На стоянке Николая уже поджидал весь командный и инженерный состав отряда. Сташенков, выслушав доклад летчика о причине возвращения, так стиснул челюсти, что желваки на скулах заходили буграми.

- Проверить! Все до винтика, - приказал он инженеру.

Резко повернувшись к Николаю, кивнул на газик:

- Садись, в штабе поговорим.

Голос не обещал ничего хорошего.

3

До штаба ехали молча, не глядя друг на друга: командир - на переднем сиденье, рядом с шофером, подчиненный - позади.

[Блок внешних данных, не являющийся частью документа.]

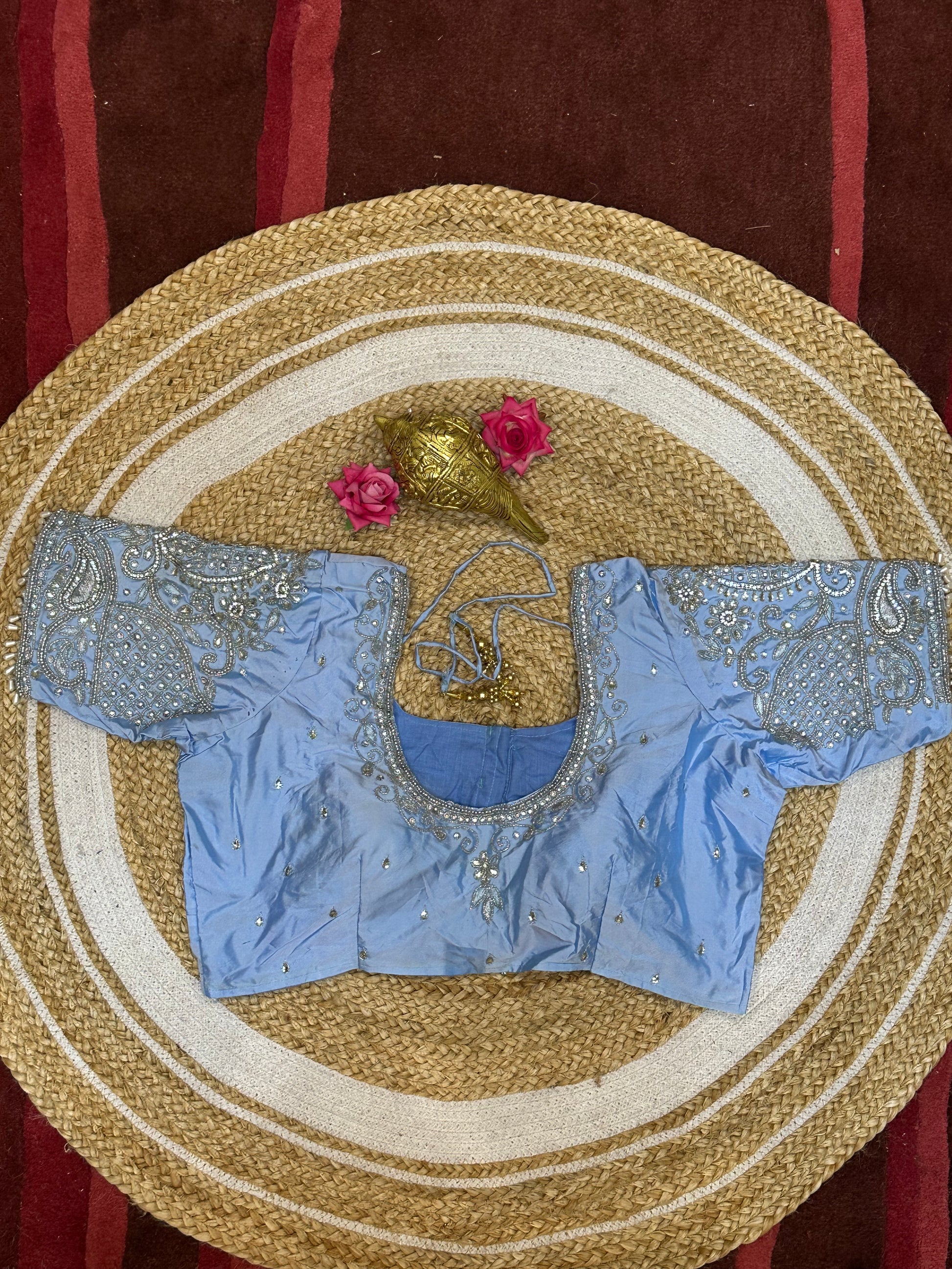 40” Size 10 Aari Worked Sari Blouse Indian Saree Top Silk Light Blue B94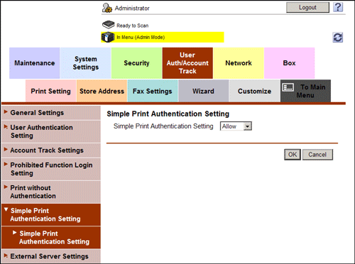 In the administrator mode, select [User Auth/Account Track] - [Simple Print Authentication Setting] - [Simple Print Authentication Setting], and then set [Simple Print Authentication Setting] to [Allow] (Default: [Restrict]).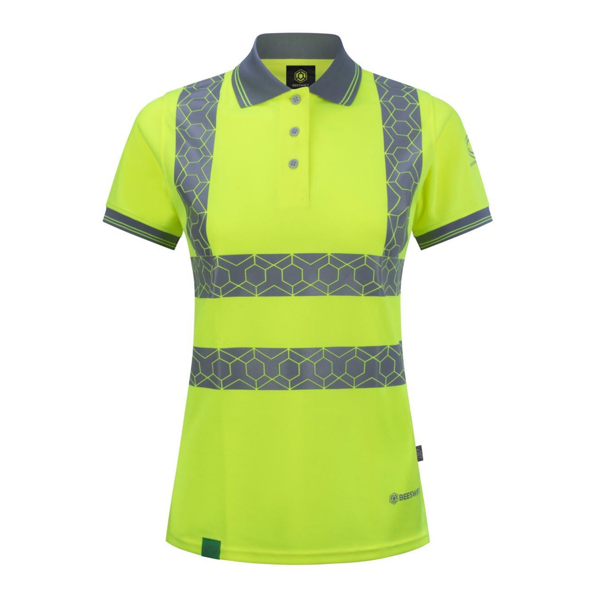 100% Recycled polyester ”Bird Eye” fabric. 160gsm fabric weight 3 Button placket. Grey trim to collar and cuffs. Hex patterned heatseal Retro-Reflective tape for comfort and flexability. UV Protective SPF40, ”EN 13758-1 – Part 1: Method of test for apparel fabrics. ” Global Recycled Standard Certificated Tested to 50 washes Conforms to EN ISO 13688:2013+A1:2021 Conforms to EN ISO 20471:2013 +A1:2018 Class 2 high visibility (sizes S+ (08+)) Class 1 high visibility (size XS (06))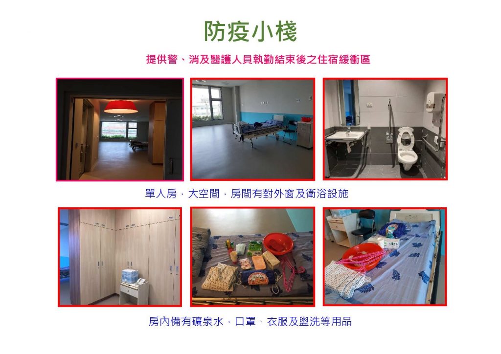 自3月16日起高雄市防疫小棧也正式上線服務,自1月底疫情發生後,本市防疫警消、醫護人員等24小時接力執勤,為此市府用愛與關懷來裝潢小棧,目前可入住63床,讓同仁在執行防疫工作後能在小棧休息充電。本項服務深獲警消醫護人員的贊同,某消防人員表示,自己很高興能為這次的疫情盡一己之力,可是因應疫情的特殊性,自己回家後擔心致使家人有感染等風險,所以感謝市府替工作人員設想周到,提供一處安全處所能休息,自己也可以更放心在工作上衝刺,相信在市民共同努力下,我們一定能共體時艱安然度過這波疫情。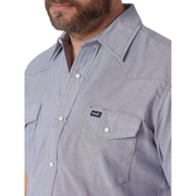 Wrangler Men's Cowboy Cut Work Short Sleeve Western Snap Solid Shirt - Chambray

Николай видел в шоферское зеркало лицо Сташенкова, гневное, сосредоточенное, и не мог понять, что так взбесило майора. Нет слов, отказ техники, возвращение с задания без связи (провод ларингофона был перерезан) на неисправной машине - явления нежелательные и на языке авиаторов называются предпосылками к летному происшествию, за которые по головке не гладят, но не настолько эта предпосылка серьезная, чтобы рвать и метать, накаляться до белого каления. На то он и полигон, чтобы испытывать разные ситуации, рисковать; Сташенков одной фразой может отвести любые претензии: "А какую технику вы нам даете?" Судя по его характеру, по тону, каким он разговаривает со всеми, начальникам он тоже в рот заглядывать не станет и сумеет дать ответ… Так что же его взбесило? Почему он везет Николая именно в штаб? "В штабе поговорим". О чем? Что Николай сделал не так и как бы он поступил на его месте? Ответов на эти вопросы не находилось. Сташенков вышел из "газика" и, не поворачивая головы, с набыченной шеей, направился к двери штаба. Часовой поприветствовал его, вытянувшись во фрунт. В кабинете было душно и пахло застарелым никотином, пропитавшим всю мебель и стены терпким до тошноты запахом, который Николай терпеть не мог, и он почувствовал, как нервы напряглись, грудь распирало от злости, готовой выплеснуться при малейшем нажиме.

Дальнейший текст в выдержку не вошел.